MATERIAL SHOWN START
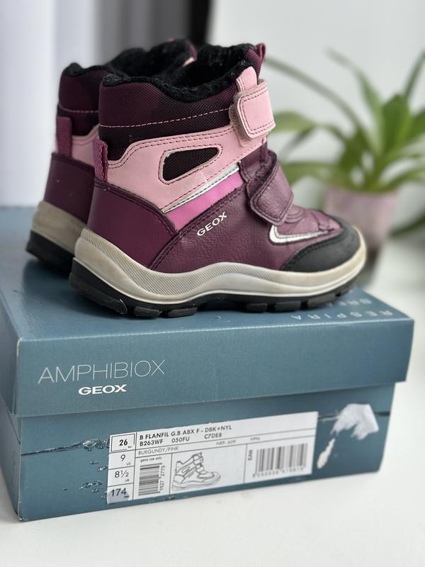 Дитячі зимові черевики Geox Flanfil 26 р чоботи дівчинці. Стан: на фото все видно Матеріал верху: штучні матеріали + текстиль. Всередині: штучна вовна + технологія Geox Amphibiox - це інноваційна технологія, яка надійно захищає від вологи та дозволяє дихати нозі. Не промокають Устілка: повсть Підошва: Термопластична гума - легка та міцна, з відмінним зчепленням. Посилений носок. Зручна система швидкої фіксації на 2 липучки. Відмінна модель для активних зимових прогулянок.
MATERIAL SHOWN END
MATERIAL SHOWN START
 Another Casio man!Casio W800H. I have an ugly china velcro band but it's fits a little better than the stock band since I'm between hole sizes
MATERIAL SHOWN END
MATERIAL SHOWN START
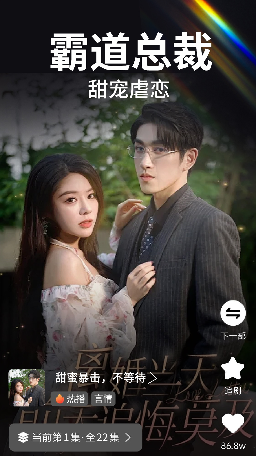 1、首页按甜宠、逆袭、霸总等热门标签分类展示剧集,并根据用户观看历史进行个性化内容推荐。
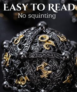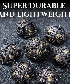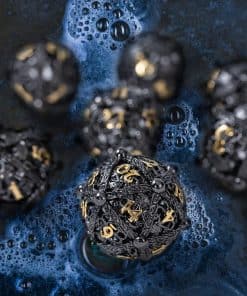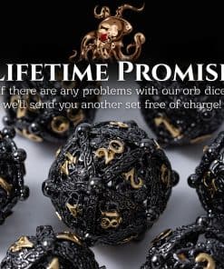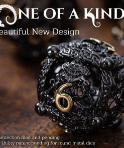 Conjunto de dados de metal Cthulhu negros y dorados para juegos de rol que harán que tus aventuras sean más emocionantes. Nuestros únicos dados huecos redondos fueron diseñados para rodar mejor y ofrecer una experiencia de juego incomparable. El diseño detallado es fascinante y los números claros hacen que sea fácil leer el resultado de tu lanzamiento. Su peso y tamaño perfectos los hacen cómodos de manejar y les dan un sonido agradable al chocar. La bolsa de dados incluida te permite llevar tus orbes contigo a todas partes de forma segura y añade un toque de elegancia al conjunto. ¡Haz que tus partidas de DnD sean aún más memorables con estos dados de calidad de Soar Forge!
MATERIAL SHOWN END
When copying from the data above, print only the lines from the line containing "1、首页按甜宠、逆袭、霸总等" to the line containing "Conjunto de dados", exactly, and leave the pictures out.

__SOLVED PROBLEM__
 1、首页按甜宠、逆袭、霸总等热门标签分类展示剧集,并根据用户观看历史进行个性化内容推荐。
 Conjunto de dados de metal Cthulhu negros y dorados para juegos de rol que harán que tus aventuras sean más emocionantes. Nuestros únicos dados huecos redondos fueron diseñados para rodar mejor y ofrecer una experiencia de juego incomparable. El diseño detallado es fascinante y los números claros hacen que sea fácil leer el resultado de tu lanzamiento. Su peso y tamaño perfectos los hacen cómodos de manejar y les dan un sonido agradable al chocar. La bolsa de dados incluida te permite llevar tus orbes contigo a todas partes de forma segura y añade un toque de elegancia al conjunto. ¡Haz que tus partidas de DnD sean aún más memorables con estos dados de calidad de Soar Forge!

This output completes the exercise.